The remaining chapters are largely devoted to treatment and prevention. Although all forms of acute viral hepatitis are usually easily managed (less is better than more), treatment of chronic hepatitis is less rewarding. Theories explaining how interferon alfa (or the other interferons) should eliminate these viruses are presented, but in practice the desired result is achieved in only a minority of patients. Increasing the duration of treatment or the dose of interferon may increase the response rates, but only moderately.
A number of novel approaches to treatment are discussed, of which the most promising appear to be the nucleoside analogues. Unfortunately, few of the large trials of the efficacy of these agents had been completed at the time the book was written. This is an inevitable result of the lag between the writing and the publication of books and is illustrated by the fact that all the references concerning the treatment of hepatitis B and C were published before 1997.

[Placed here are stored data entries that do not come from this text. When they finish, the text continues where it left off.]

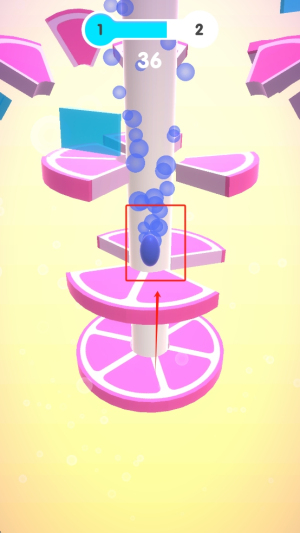 1、操控小球开始从水果塔往下跳,尝试找到间隙跳落,熟悉跳落节奏,再旋转水果塔调整位置,完成首个关卡,开启闯关,上手简单。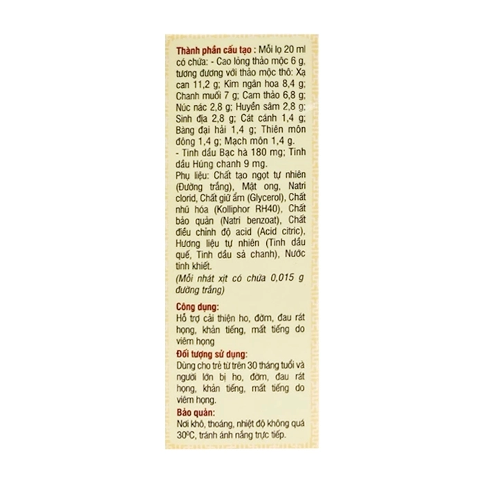 - Hỗ trợ cải thiện ho, đờm, đau rát họng, khản tiếng, mất tiếng do viêm họng.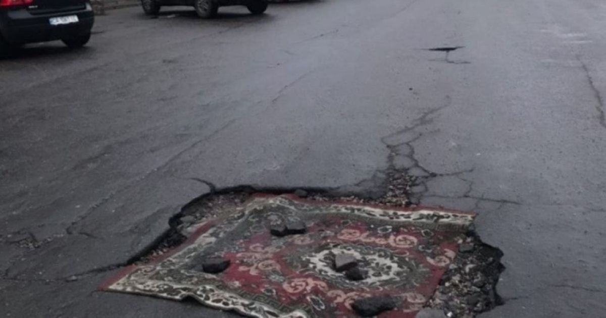 В Черкассах вблизи ТЦ "Гранд Маркет" на Мытнице, яму в асфальте решили "залатать" с помощью ковра. Так, им застелили выбоину на дороге, а чтобы ковер не унесло ветром — для надежности еще и "закрепили" его края кусками асфальта.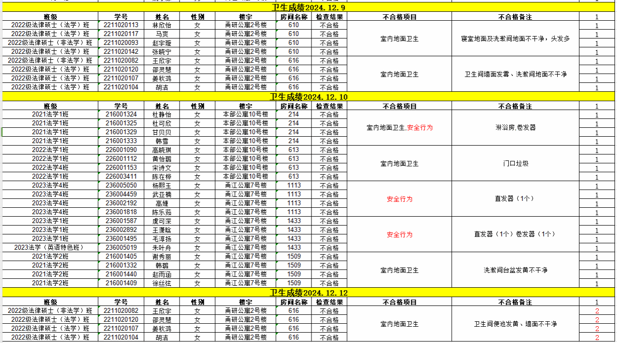 经校学生社区服务中心的检查,现对12月9日-12月13日卫生检查不合格的寝室予以公示,详见下表。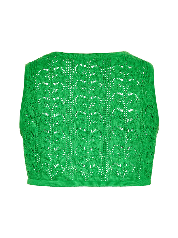 Представляем трикотажную модель без рукавов, тщательно выполненную с нежным кружевным узором. Это укороченное изделие, предназначенное для повседневной или летней одежды, украшено повторяющимися мотивами, вдохновленными природой. Округленный вырез горловины и ребристая фактура по нижнему краю придают определенную элегантность.

Viral hepatitis will eventually be prevented by immunization. Effective and safe vaccines against hepatitis B and A viruses are already available. Of the two, hepatitis B immunization is globally the more important because of the morbidity and mortality associated with chronic infection with this virus. In the light of this fact, the book's coverage of this vaccine is disappointingly brief and fails to emphasize the pressing need for universal immunization, at least in the countries in Africa and the Far East in which the virus is endemic. No mention is made of the distressing statistic that only 1 percent of black babies in Africa currently receive the vaccine. In contrast, hepatitis A vaccine is discussed in exhaustive detail.
This book will serve as a useful guide to the hepatitis alphabet, which grows ever longer and more complex.
Reviewed by Michael C. Kew, M.D., Ph.D.